# [PROBLEM DESCRIPTION]
Instruction for the entries below: return the part that opens with the line containing "स्कूल वाहनों पर" and closes with the line containing "ボヘミアンエスニックスタイル", exactly, and no pictures.

ENTRIES SUPPLIED Block Start

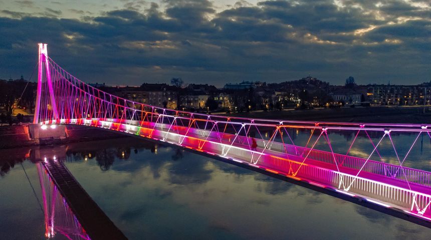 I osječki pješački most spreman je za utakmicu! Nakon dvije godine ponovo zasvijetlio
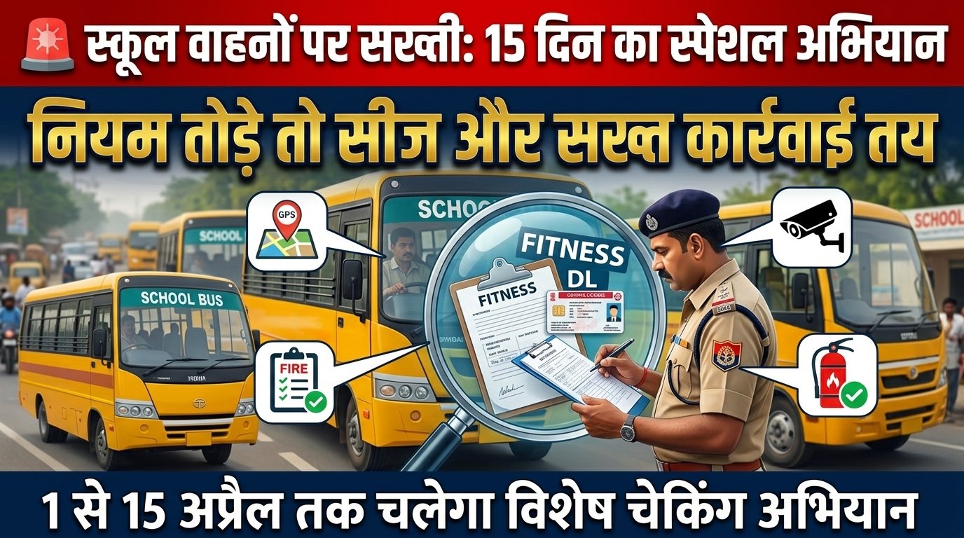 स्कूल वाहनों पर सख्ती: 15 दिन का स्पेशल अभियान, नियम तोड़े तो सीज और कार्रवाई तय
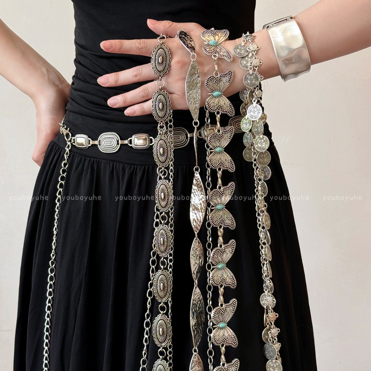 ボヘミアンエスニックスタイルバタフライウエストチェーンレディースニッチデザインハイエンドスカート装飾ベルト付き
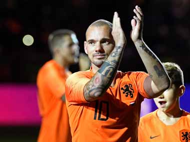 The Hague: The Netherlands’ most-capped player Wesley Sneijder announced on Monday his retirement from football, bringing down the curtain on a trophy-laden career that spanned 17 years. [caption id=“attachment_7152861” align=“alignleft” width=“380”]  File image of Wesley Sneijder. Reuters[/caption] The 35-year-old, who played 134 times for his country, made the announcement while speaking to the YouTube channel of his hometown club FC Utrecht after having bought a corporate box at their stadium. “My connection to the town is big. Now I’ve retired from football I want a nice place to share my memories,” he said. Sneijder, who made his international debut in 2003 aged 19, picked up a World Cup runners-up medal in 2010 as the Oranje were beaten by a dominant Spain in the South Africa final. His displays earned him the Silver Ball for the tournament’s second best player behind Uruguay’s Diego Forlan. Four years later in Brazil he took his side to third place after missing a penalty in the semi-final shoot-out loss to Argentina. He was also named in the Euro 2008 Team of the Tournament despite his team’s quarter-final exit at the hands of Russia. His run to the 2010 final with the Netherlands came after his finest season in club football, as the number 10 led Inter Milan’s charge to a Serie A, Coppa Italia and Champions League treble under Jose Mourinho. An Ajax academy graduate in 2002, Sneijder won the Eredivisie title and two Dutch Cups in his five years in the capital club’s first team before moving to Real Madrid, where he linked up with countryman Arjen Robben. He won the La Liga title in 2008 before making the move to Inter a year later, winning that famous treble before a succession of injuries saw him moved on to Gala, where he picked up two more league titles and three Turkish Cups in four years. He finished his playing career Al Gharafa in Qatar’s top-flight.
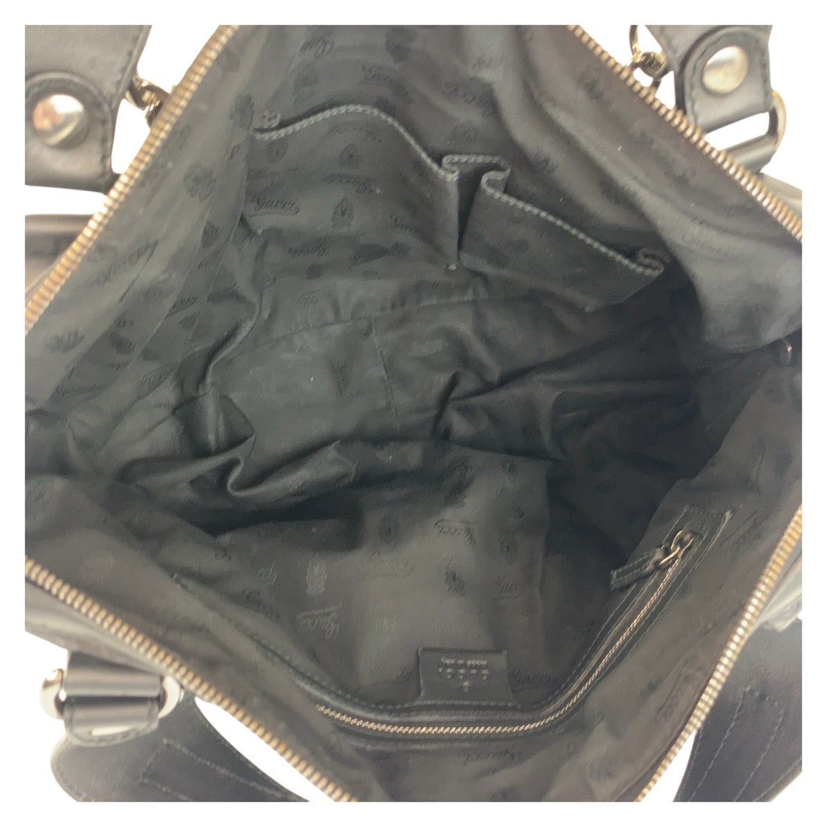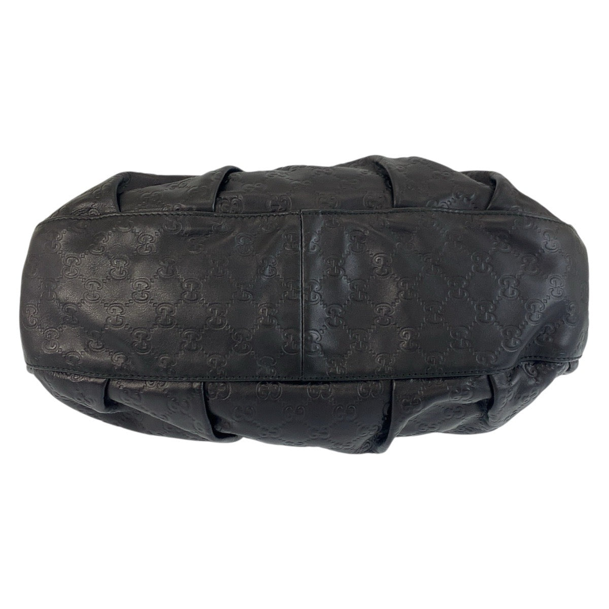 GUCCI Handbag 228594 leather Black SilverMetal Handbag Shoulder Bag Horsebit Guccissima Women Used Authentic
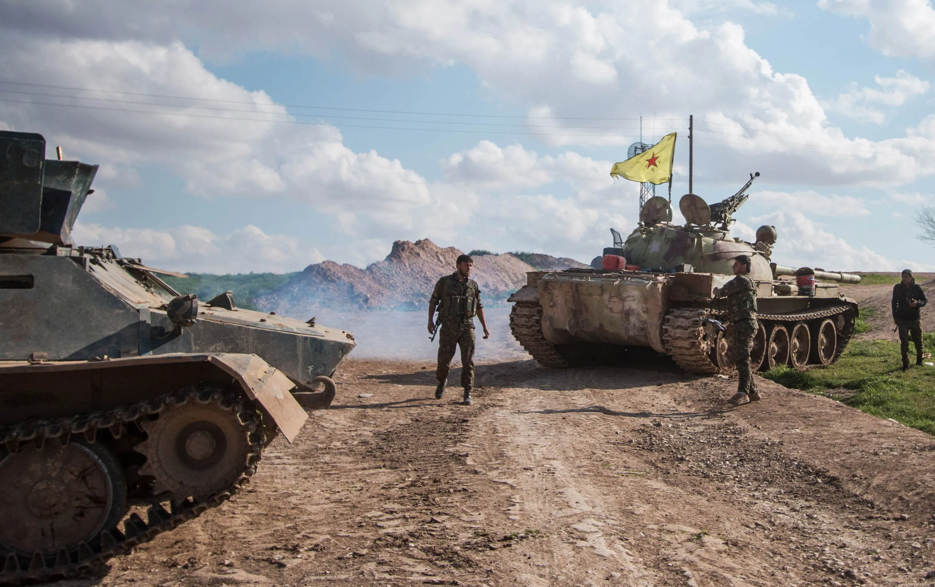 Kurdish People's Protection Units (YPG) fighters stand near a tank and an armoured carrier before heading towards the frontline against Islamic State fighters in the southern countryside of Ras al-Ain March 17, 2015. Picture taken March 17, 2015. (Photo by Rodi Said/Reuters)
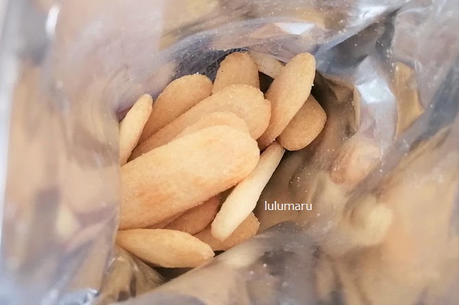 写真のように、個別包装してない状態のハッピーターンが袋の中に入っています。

ENTRIES SUPPLIED Block End

# [ANSWER BOX]
 स्कूल वाहनों पर सख्ती: 15 दिन का स्पेशल अभियान, नियम तोड़े तो सीज और कार्रवाई तय
 ボヘミアンエスニックスタイルバタフライウエストチェーンレディースニッチデザインハイエンドスカート装飾ベルト付き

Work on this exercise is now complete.